Print all the data below exactly, without images.

▶ _Supplied material_:
────────

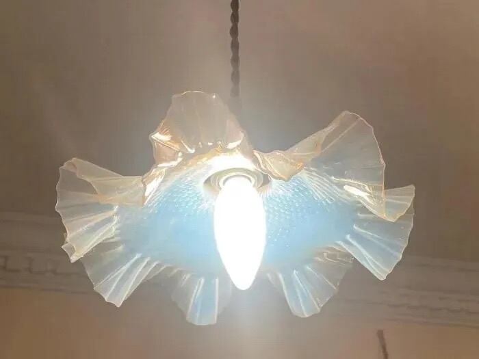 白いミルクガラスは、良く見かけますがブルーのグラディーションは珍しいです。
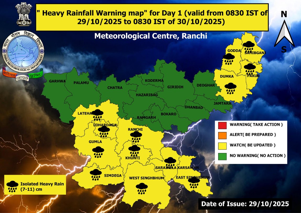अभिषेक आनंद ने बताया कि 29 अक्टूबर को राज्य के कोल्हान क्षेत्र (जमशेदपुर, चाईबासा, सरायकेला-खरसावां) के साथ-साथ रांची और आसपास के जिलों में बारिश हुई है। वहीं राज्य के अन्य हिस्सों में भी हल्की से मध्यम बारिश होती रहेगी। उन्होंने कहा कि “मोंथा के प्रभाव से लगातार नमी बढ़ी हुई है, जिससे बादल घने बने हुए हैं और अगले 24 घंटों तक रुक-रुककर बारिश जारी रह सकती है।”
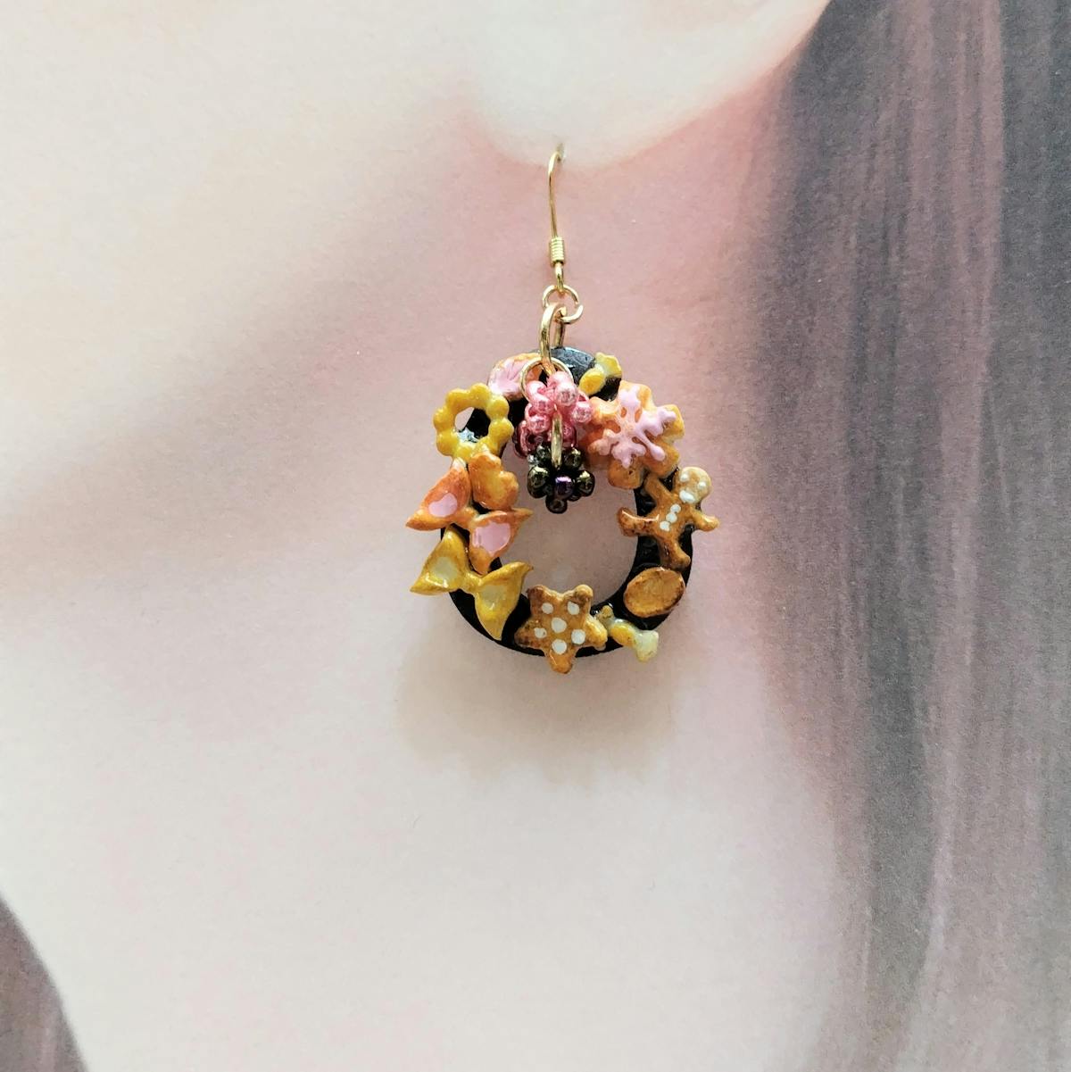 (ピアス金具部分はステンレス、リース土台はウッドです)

────────

▶ _Problem solution_:
 白いミルクガラスは、良く見かけますがブルーのグラディーションは珍しいです。
अभिषेक आनंद ने बताया कि 29 अक्टूबर को राज्य के कोल्हान क्षेत्र (जमशेदपुर, चाईबासा, सरायकेला-खरसावां) के साथ-साथ रांची और आसपास के जिलों में बारिश हुई है। वहीं राज्य के अन्य हिस्सों में भी हल्की से मध्यम बारिश होती रहेगी। उन्होंने कहा कि “मोंथा के प्रभाव से लगातार नमी बढ़ी हुई है, जिससे बादल घने बने हुए हैं और अगले 24 घंटों तक रुक-रुककर बारिश जारी रह सकती है।”
 (ピアス金具部分はステンレス、リース土台はウッドです)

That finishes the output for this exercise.